__RECORDED DATA__
┄┄┄┄┄┄┄┄┄┄

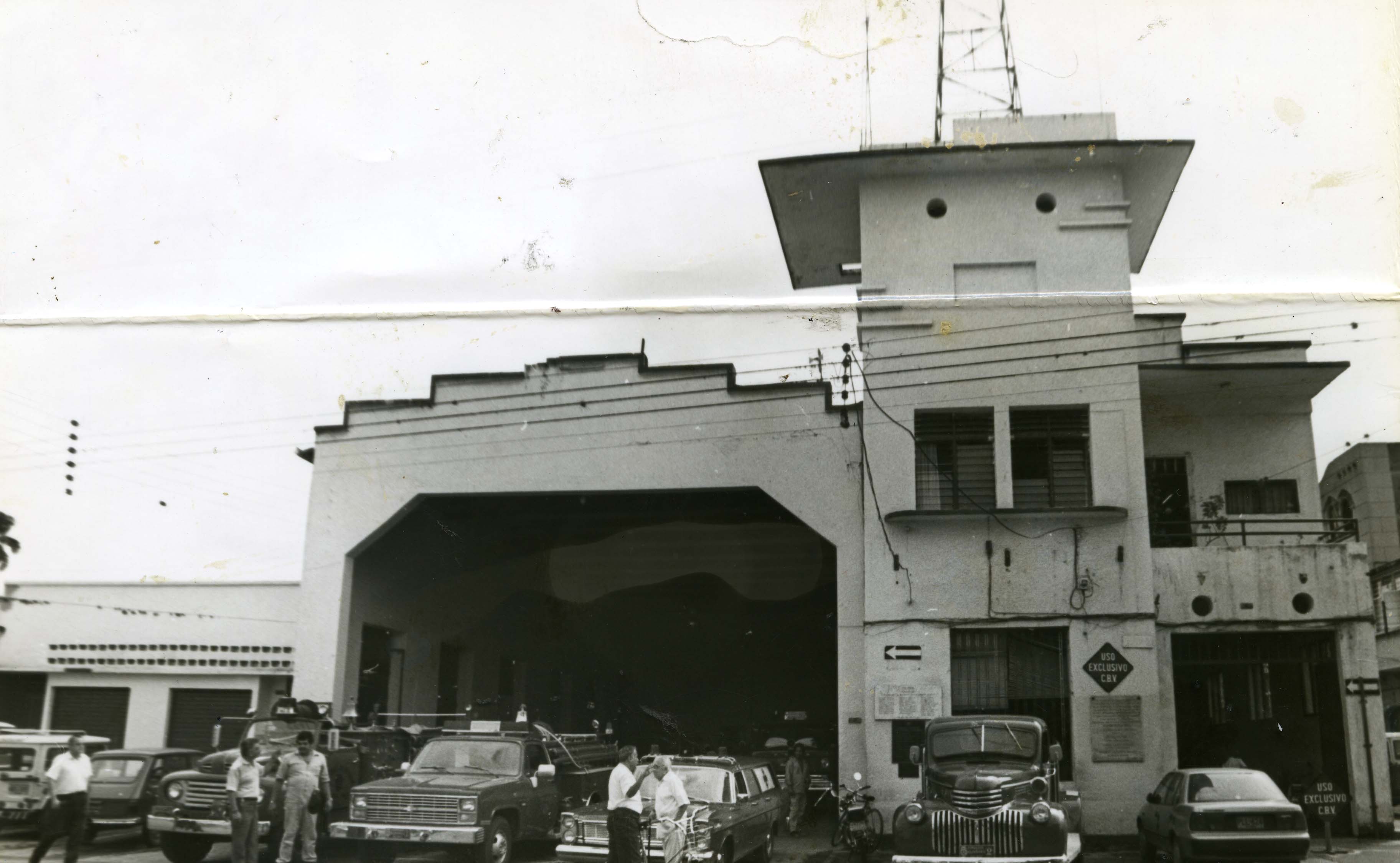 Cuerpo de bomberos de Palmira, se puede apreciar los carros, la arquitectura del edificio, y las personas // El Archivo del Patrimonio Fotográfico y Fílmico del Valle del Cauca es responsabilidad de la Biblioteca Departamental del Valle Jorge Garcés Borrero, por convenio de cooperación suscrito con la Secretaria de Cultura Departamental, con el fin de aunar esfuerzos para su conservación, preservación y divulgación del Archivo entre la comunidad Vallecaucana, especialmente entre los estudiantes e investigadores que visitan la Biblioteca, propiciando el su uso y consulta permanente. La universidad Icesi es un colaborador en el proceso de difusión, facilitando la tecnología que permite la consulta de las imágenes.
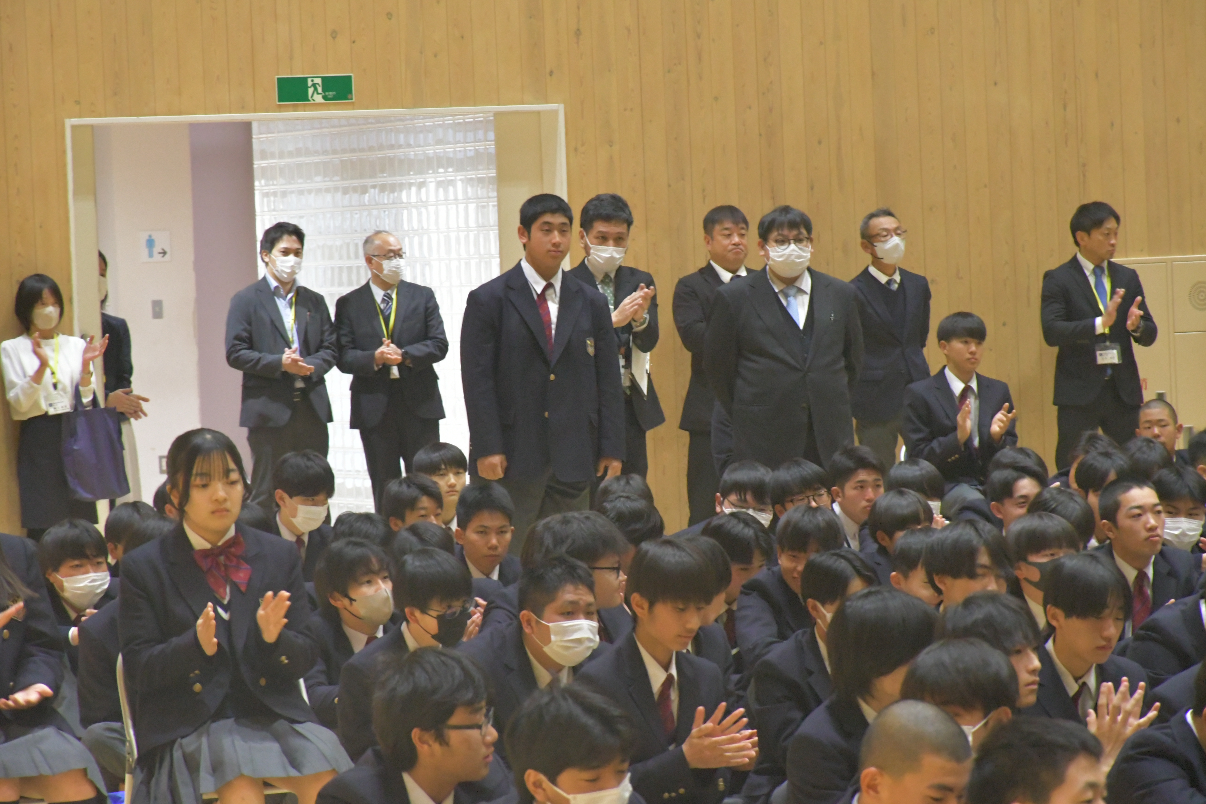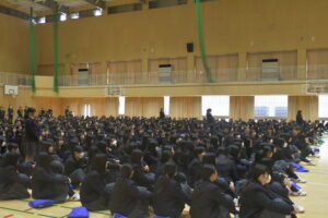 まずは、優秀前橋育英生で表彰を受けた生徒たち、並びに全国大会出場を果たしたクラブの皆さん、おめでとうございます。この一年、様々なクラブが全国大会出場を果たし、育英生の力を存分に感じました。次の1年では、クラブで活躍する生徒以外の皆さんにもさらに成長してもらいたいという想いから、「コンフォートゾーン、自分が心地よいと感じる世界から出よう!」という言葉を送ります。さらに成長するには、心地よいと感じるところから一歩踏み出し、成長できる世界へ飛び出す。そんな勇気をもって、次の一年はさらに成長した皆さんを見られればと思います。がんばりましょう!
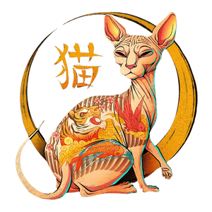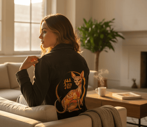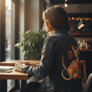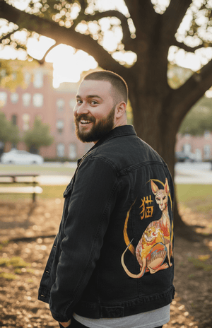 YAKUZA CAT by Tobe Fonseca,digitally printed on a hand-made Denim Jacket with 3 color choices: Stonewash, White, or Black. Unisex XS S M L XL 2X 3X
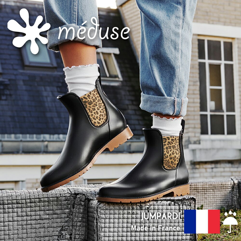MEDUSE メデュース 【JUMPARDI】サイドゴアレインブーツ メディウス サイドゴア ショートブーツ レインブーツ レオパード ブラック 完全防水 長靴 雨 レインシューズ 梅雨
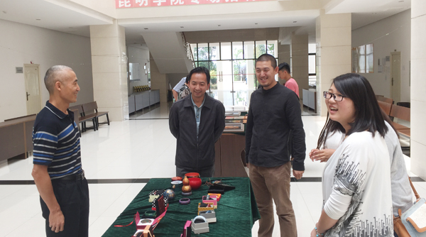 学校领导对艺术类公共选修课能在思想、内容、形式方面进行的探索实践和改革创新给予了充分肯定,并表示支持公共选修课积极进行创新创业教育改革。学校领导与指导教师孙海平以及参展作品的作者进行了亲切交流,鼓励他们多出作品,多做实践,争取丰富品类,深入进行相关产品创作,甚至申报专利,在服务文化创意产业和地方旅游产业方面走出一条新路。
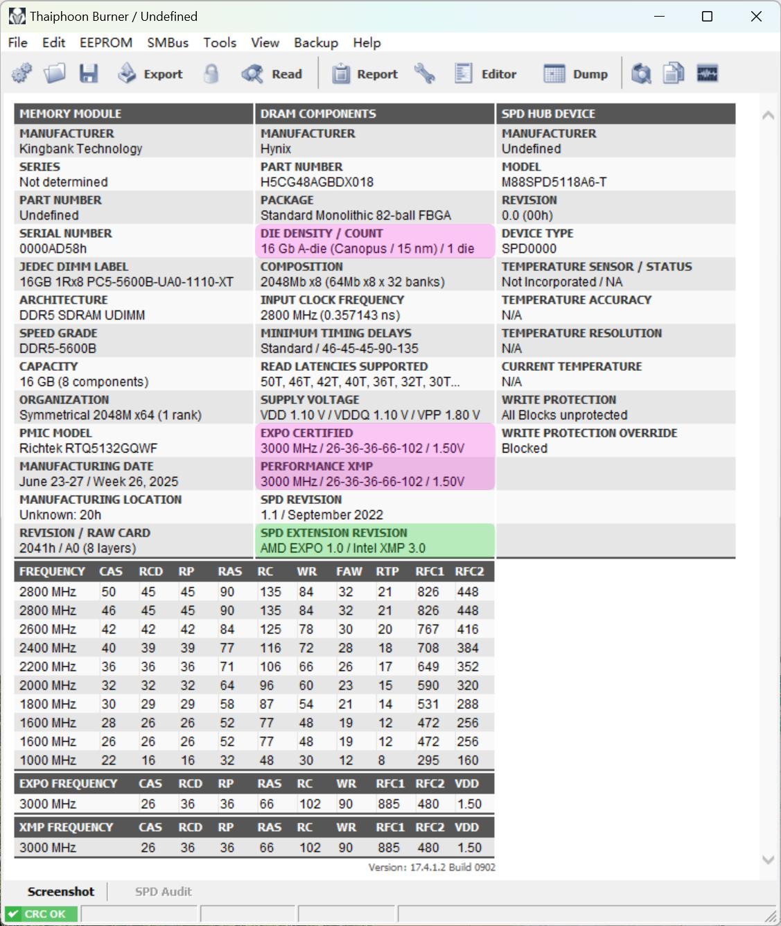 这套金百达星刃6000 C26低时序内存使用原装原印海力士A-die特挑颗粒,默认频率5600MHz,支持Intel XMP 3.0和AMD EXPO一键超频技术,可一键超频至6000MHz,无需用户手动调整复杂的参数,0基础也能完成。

┄┄┄┄┄┄┄┄┄┄

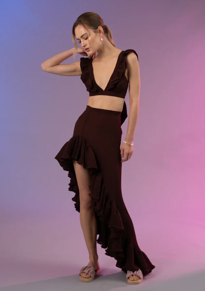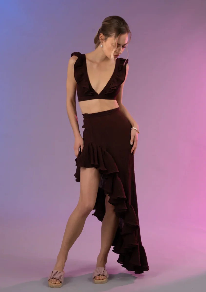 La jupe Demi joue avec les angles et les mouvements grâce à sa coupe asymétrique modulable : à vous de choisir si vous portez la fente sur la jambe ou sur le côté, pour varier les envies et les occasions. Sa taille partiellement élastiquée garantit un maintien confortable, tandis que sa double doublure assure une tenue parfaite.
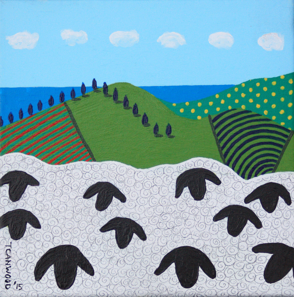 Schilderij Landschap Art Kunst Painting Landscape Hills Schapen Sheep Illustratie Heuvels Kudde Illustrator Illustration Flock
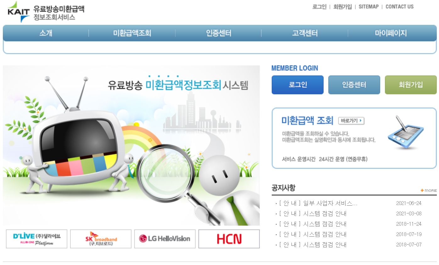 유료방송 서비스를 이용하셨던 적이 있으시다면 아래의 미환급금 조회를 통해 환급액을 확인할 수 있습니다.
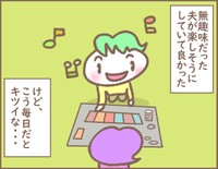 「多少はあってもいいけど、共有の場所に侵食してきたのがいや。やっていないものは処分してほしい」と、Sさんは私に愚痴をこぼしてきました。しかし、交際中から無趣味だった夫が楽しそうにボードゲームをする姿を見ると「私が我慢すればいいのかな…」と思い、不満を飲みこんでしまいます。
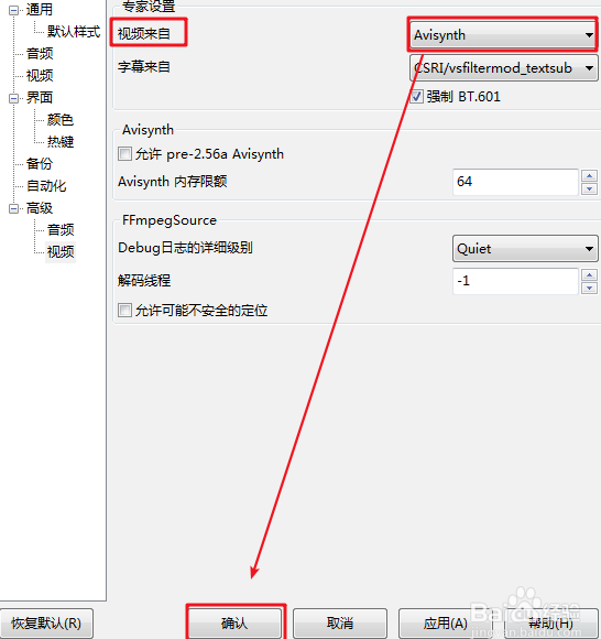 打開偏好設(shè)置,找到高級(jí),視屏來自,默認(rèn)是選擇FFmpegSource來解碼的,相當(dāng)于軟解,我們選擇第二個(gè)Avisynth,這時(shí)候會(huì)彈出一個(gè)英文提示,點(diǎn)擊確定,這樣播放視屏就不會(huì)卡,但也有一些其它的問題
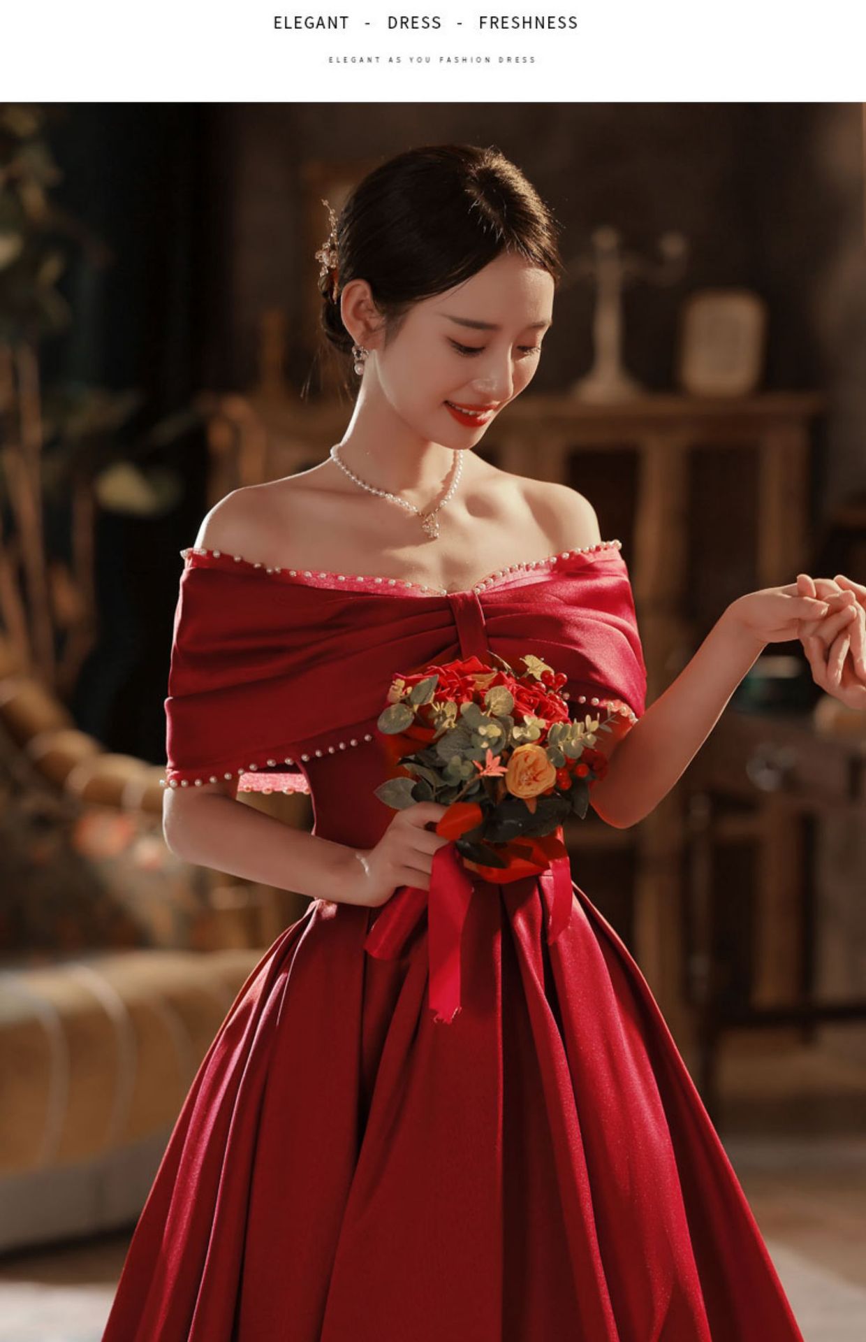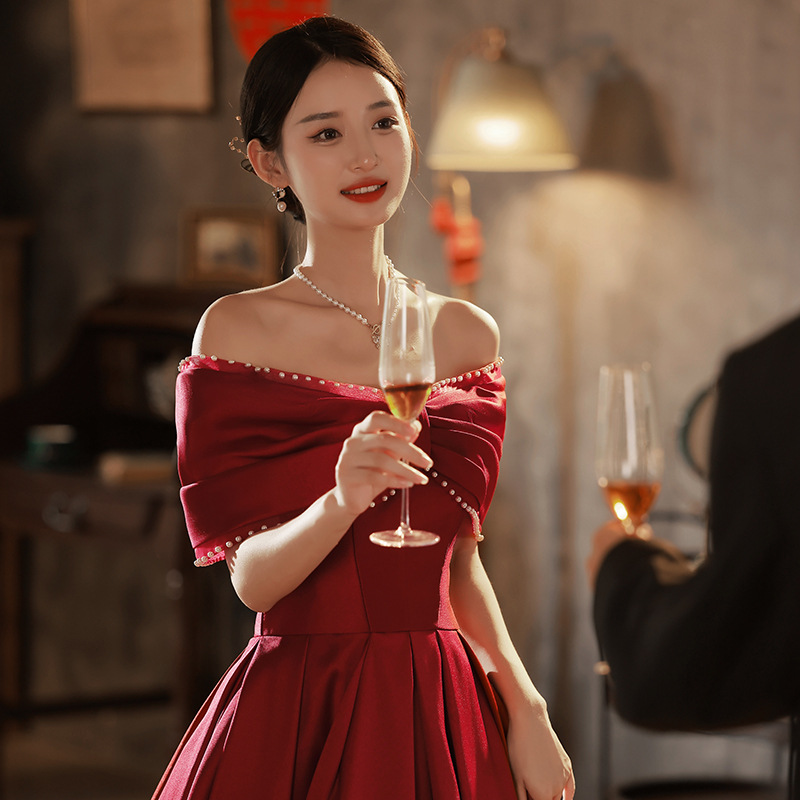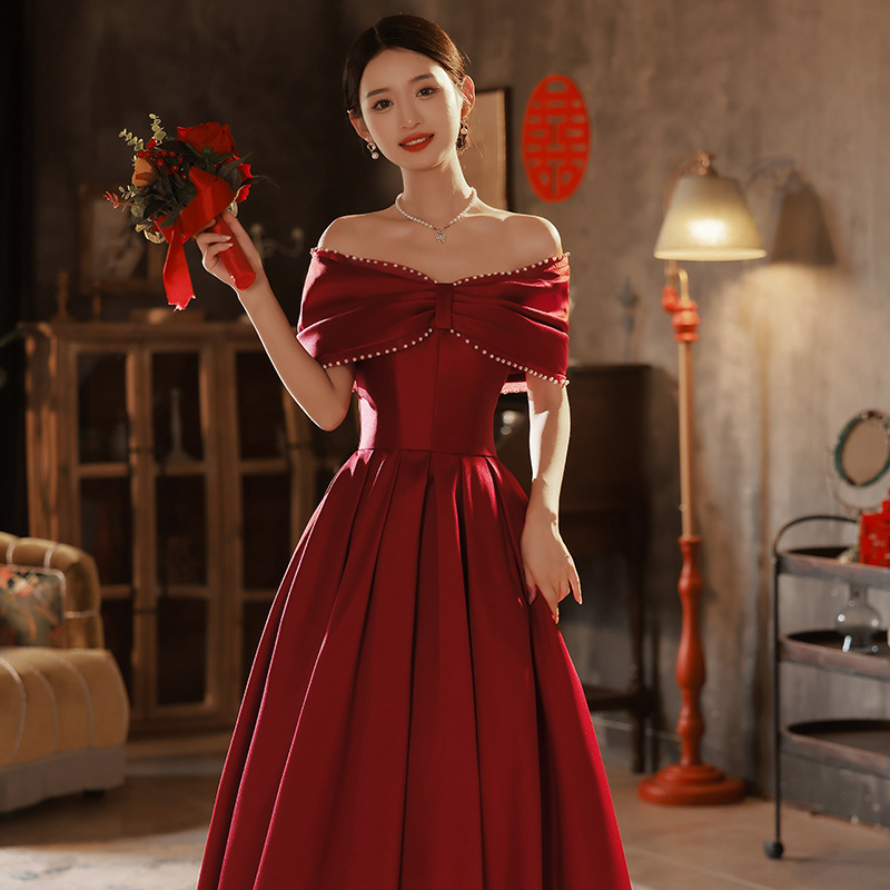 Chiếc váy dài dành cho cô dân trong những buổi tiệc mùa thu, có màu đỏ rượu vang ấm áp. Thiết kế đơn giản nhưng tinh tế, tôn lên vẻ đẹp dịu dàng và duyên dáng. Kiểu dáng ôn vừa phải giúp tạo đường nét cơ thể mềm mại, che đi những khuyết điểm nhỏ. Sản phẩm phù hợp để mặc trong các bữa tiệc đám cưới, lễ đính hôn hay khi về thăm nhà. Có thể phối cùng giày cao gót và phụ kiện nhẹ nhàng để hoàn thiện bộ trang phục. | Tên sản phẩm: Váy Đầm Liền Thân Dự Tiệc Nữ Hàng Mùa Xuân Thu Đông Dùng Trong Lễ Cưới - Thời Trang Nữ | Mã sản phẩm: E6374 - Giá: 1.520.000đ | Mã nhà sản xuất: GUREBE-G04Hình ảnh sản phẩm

┄┄┄┄┄┄┄┄┄┄

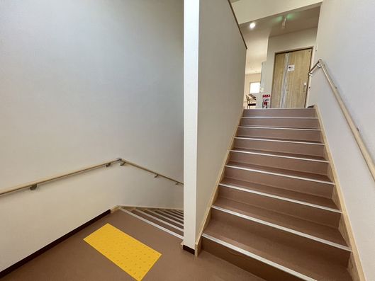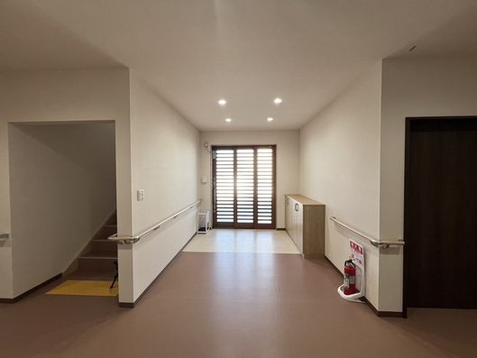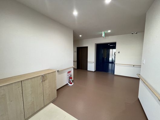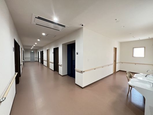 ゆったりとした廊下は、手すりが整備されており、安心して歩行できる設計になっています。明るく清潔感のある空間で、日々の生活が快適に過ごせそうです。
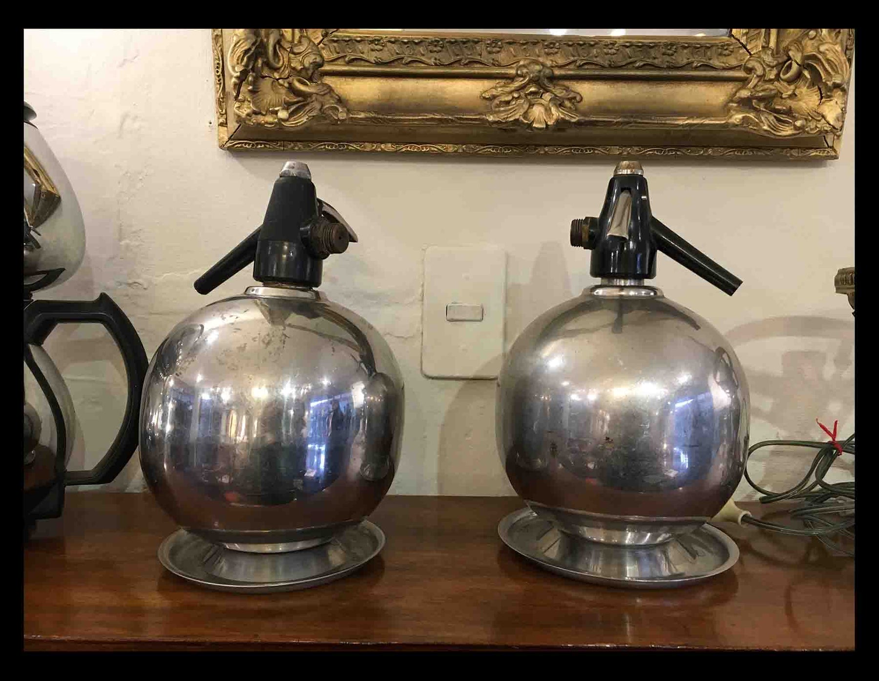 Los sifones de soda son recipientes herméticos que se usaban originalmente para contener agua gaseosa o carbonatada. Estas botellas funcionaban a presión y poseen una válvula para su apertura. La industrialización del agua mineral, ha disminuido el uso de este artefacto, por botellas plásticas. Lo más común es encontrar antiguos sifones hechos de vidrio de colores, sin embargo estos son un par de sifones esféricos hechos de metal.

┄┄┄┄┄┄┄┄┄┄

Go to the line above that has "学校领导对艺术类公共选修课能" and copy exactly from there down to the line that has "这套金百达星刃6000 C26低时序内存使用原装原印海力士A-die特挑颗粒,默认频率5600MHz,支持Intel XMP", both included. Leave the pictures out.

__RESULT__
 学校领导对艺术类公共选修课能在思想、内容、形式方面进行的探索实践和改革创新给予了充分肯定,并表示支持公共选修课积极进行创新创业教育改革。学校领导与指导教师孙海平以及参展作品的作者进行了亲切交流,鼓励他们多出作品,多做实践,争取丰富品类,深入进行相关产品创作,甚至申报专利,在服务文化创意产业和地方旅游产业方面走出一条新路。
 这套金百达星刃6000 C26低时序内存使用原装原印海力士A-die特挑颗粒,默认频率5600MHz,支持Intel XMP 3.0和AMD EXPO一键超频技术,可一键超频至6000MHz,无需用户手动调整复杂的参数,0基础也能完成。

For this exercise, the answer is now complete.